1 Introduction Modeling a student’s knowledge is known to be a difficult problem and much research was dedicated to investigate this matter. The Pépite project intends to diagnose students' difficulties in order to adapt the learning process [1-2]. Its objective is to design an intelligent aid that supports math teachers when they monitor learning in a classroom context, taking into account their students’ cognitive diversity. This paper deals with diagnosing students’ cognitive profiles in algebra. We assume that it is necessary to assess how students produce by themselves algebraic expressions. From our computational point of view, we focus especially on one of the key difficulties of such work: modeling the wide variety of types and levels of students’ knowledge. We designed a system, called PépiMep, that automatically diagnoses students’ answers, even when students express their answers in their own ways. PépiMep is used online in MathEnPoche (MeP), a web-based platform, developed by Sésamath [11], a community of mathematic teachers. This free platform

is used by thousands of students and teachers in French speaking countries. In this paper, we examine the following specific research questions:  Question 1: How to typify anticipated correct and incorrect solutions and how to specify the various different patterns of answers for each type of solutions?  Question 2: How to ensure the quality of the automatic diagnosis, when it is impossible to anticipate every student’s production? To answer these questions, we propose a mixed theoretical and empirical approach. A trade-off was made so that the system would be generic enough to apply to many classes of algebraic problems, and specific enough to detect students’ personal conceptions. Thus the main points in our proposal are (i) to anticipate most current students’ approaches to solving one class of questions by detailed and accurate epistemological and empirical studies [3, 4 ,10], (ii) to design and implement a specific Computer Algebra system (CAS) called Pépinière, to deal with correct and incorrect algebraic rules [2] (iii) to generate a set of answer patterns representing each solution approach stored in an XML file, (iv) to design a system that can be improved by incrementally augmenting the anticipated answer pattern file when new patterns of answers are collected. We begin with a brief review of the research on diagnosing students’ difficulties, especially in mathematics, followed by an overview of the Pépite project. Then we present the diagnosis system PépiDiag and an evaluation of our proposal.

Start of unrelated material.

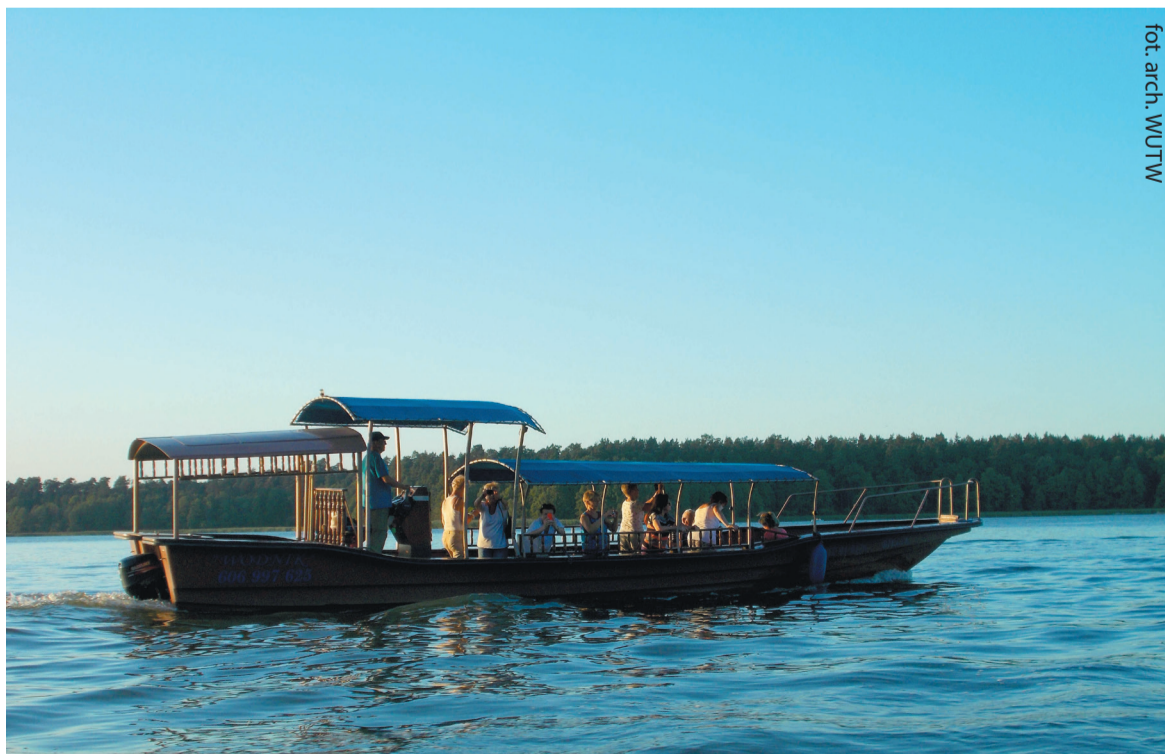
Rejs gondolami po Rospudzie

przystań Żegluga Mazurskiej z cumującymi przy kei jachtami i żagłówkami. Byliśmy we Fromborku zwanym grodem Mikołaja Kopernika, gdzie spędził on ponad 30 lat i napisał swoje najślawniejsze dzieło. Zwiedziliśmy wszystkie obiekty na Wzgórzu Katedralnym: katedrę z XIV w. z grobem wielkiego polskiego astronoma, wieżę dzwonnicy, Muzeum Kopernika w dawnym pałacu biskupim, planetarium, wieżę Kopernika. Na Rynku obejrzelśmy też pomnik wielkiego uczonego. Olsztyn zachwycał nas Starym Miastem z barokowymi kamienicami, XIV-wieczną gotycką katedrą i Starym Ratuszem, ale także Planetarium i Obserwatorium Astronomicznym z cyfrowym systemem projekcyjnym. Ciekawe okazały się niewielkie miasta jak Orneta, Braniewo czy Dobry Miasto. Bardzo ładny jest również Elbląg, którego starówka – zniszczona podczas II wojny światowej – została odbudowana z zachowaniem historycznej zabudowy i dawnej architektury. Niepowtarzalnych przeżyć dostarczył nam wieczorny spływ rzeką Krutynią tradycyjnymi łodziami „psychówkami” i pieczenie kiełbasek na ognisku nad wodzie. Niezapomniany był również 4-godzinny rejs „po wodzie i po trawie” statkiem po Kanale Elbląskim. Pomorze zajmuje północno-za-

We end with a discussion and plans for future research.

2 Background and related projects Assessment and student modeling are a hot research topic in the e-learning and ITS (Intelligent Tutoring Systems) communities. The most popular approach for on-line assessments is based on tests involving closed questions that are especially tailored to provide evidence about targeted competencies or knowledge. The student’s knowledge is described as a part of the reference competency model with the same structure, but with missing or incompletely mastered items. For instance, the evidence-based design used in ACED [5] relies on: a competency model; a task model to collect evidence on variables from the competency model (generally closed questions); a scoring model to interpret a student’s answer (generally a score estimates whether it is correct or not); and a statistical model that aggregates scores across tasks to link observable variables (scores) to the competency model variables [5]. Many of these systems rely on a sound statistical grounding named Item Response Theory (IRT), and propose adaptive testing. E-assessment aims to deliver a final evaluation or sometimes to provide feedback to students. In the Pépite project, the objective of the assessment is different: the diagnosis is the first step to monitor, in a classroom, learning paths adapted to different students’ knowledge states and levels. As in evidence-based design, in the Pépite project, the diagnosis is based on three models; but they are different in many ways. The competency model includes both the referential competence and common misconceptions. The task model includes open-ended exercises. The analysis of each answer (called local diagnosis) is based on a multidimensional model expressed by a

set of criteria (see section 3.2) and on using a CAS to match students' answers with patterns linked to the criteria. Then, heuristics based model aggregates the result of the local diagnosis to draw a student’s cognitive profile. A second approach aims at drawing a description of the student’s knowledge including personal knowledge building and misconceptions. The Pépite project is a contribution in that direction. Some ITS analyze open answers when they are numerical or reduced to a simple algebraic expression (Algebra Tutor, ASSISTments [6], LeActiveMath [7]). Very few analyze the whole reasoning. From this point of view, closely related to our work are Diane [8] and Aplusix [9]. Diane is a diagnosis system to detect adequate or inadequate problem solving strategies for some arithmetic classes of problems at elementary school level. Diane analyses open-ended numerical calculations according to several criteria. However, for more complex domains such as Physics or Algebra, researchers had to use a standard CAS, or to develop one which is specific to the type of students’ inputs and the intended diagnosis. For instance, Aplusix provides a fine grained analysis of students’ use of algebraic rewriting rules. Pépite does not analyze so deep on the algebraic writing dimension, but assesses a broader panel of skills on other dimensions (see section 3.2). Its objective is to link formal algebraic processing with other students’ conceptions related to the meaning of letters or the meaning of algebra. Thus, in the Pépite project, there are very different diagnosis tasks involving algebraic expressions but also geometric figures and calculation programs.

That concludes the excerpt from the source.